Back in 2005, life didn't feel so different from the 1960s. Progress was happening, but not always well-received. Gay sex had just become legal in the 2003 Lawrence v. Texas supreme court case. In 2004, gay marriage became legal in the state of Massachusetts. Rather than celebration, the nation at large—certainly in Oklahoma—was skeptical, fearful, and furious to see gay people normalized. Like Supreme Court justice Clarence Thomas still feels today, a majority saw these legal victories as a slippery slope to full gay rights in the United States. And they weren't shy in their disagreement.

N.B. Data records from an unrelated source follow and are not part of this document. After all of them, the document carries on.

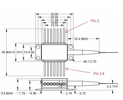 - Параметры волокна - многомодовое 0.15 NA, 105 мкм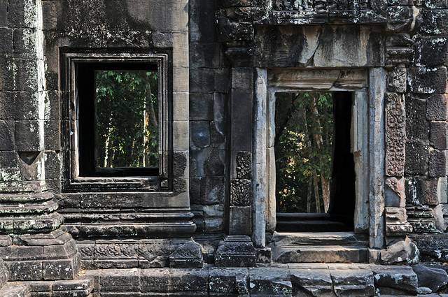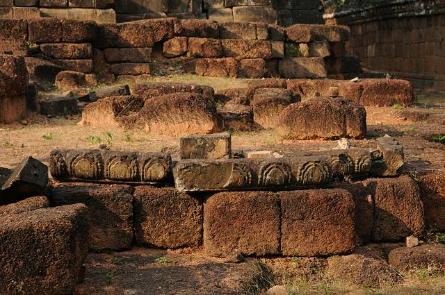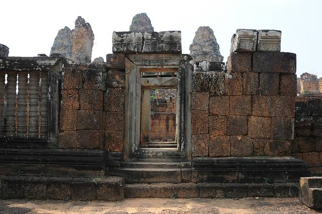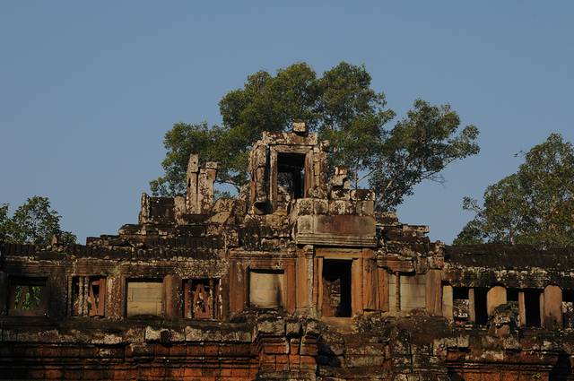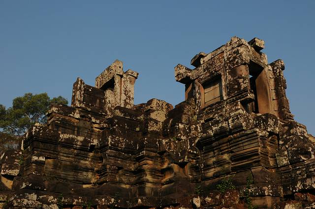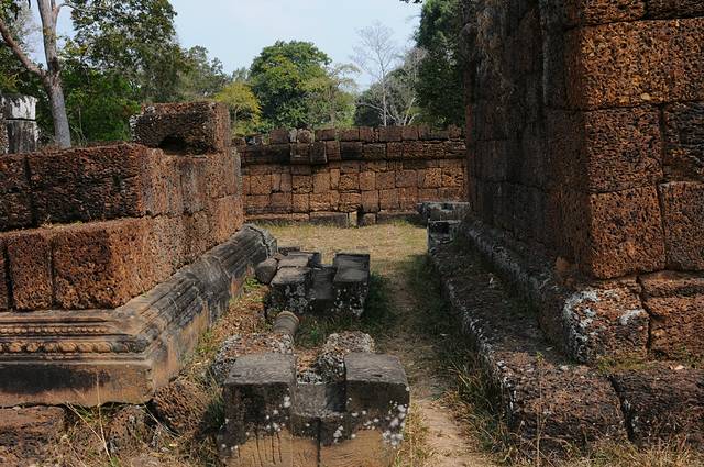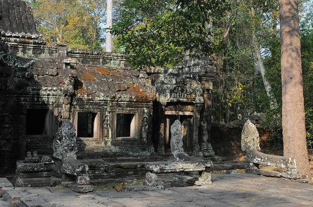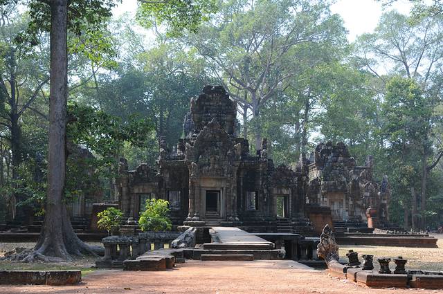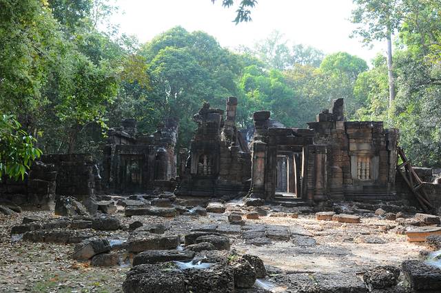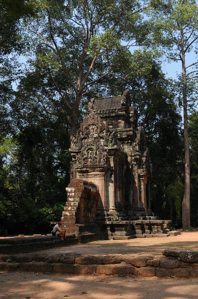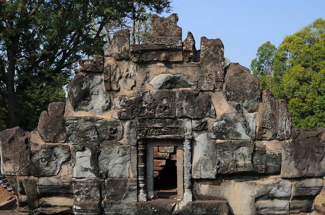 1、 东门内不远,有一座2层楼石造建筑物。这是一座有希腊神殿风格的建筑物,在整个吴哥古迹中是独一无二的。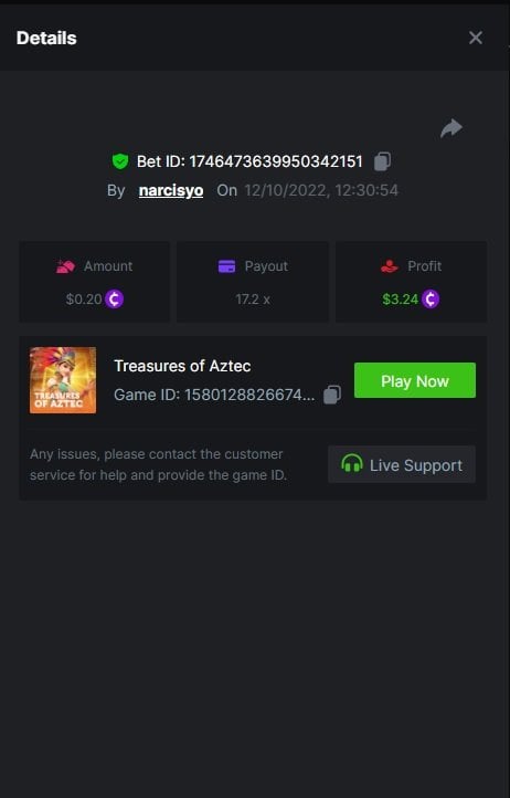 Sm0kes Posted October 13, 2022 Share Posted October 13, 2022 https://bc.game/#/sd/10UYOOAELCX72R Treasure of Aztec (97.3x) smokes Link to comment Share on other sites More sharing options...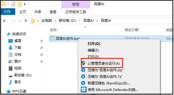 第三步:选中【百度AI创作】,右击【以管理员身份运行】。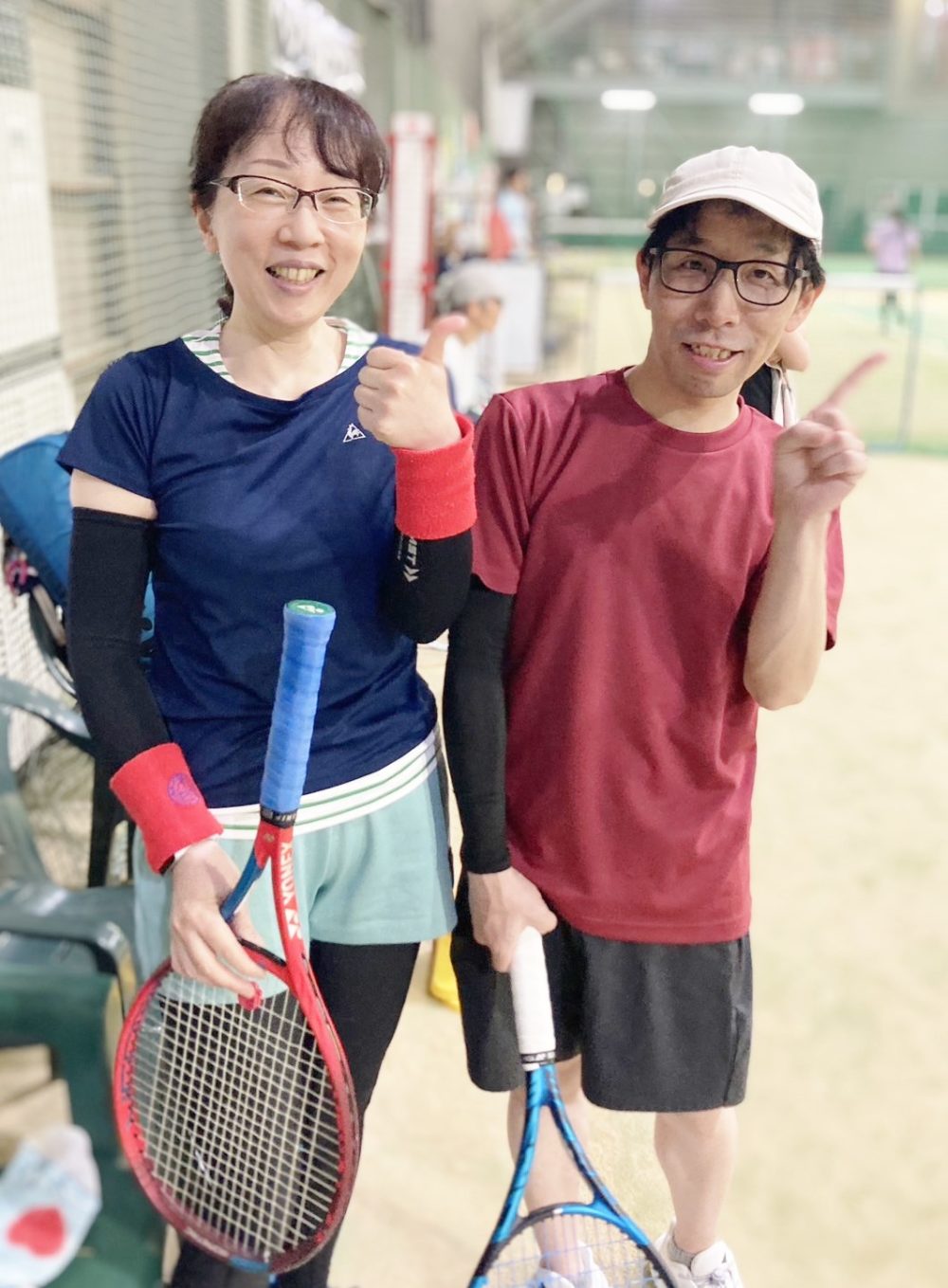 「毎週楽しくテニスしています!クラスの皆さんとも仲良く良い雰囲気です。これからもテニス頑張ります!(^^)」Uさん(左)
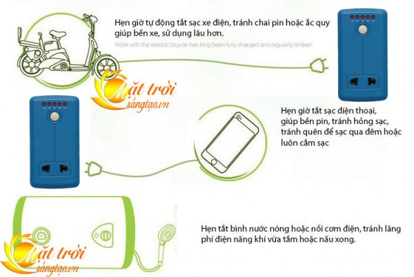 Hẹn giờ sau một khoảng thời gian thì ngắt điện. Dùng để ngắt điện khi sạc pin các đồ chạy pin như điện thoại, laptop…, giữ cho tuổi thọ thiết bị nâng cao, nhất là ban đêm , điện đóm phập phù .

When I first saw the film, the idea of two cowboys living a happy, normal relationship was about as far-fetched as it appeared in Ennis' imagination. That made the movie more powerful and more real. Even today, that life wouldn't come without hardships. But now, I think, most viewers are more disconnected from the historical context. They might see Ennis as annoyingly stubborn and not a tragic hero of circumstance. The ending might feel played out, too much of a victory for the homophobes. Perhaps that explains the avalanche of fan fiction Annie Proulx receives, almost always with an alternative ending to her story.
Regardless of how trends come and go, however, there will always be a need for great tragedy. Revisiting Brokeback now, I didn't find it dated at all. That may or may not be a good thing. It may be a testament to its genius, or a reflection of the dark clouds looming in our current political environment.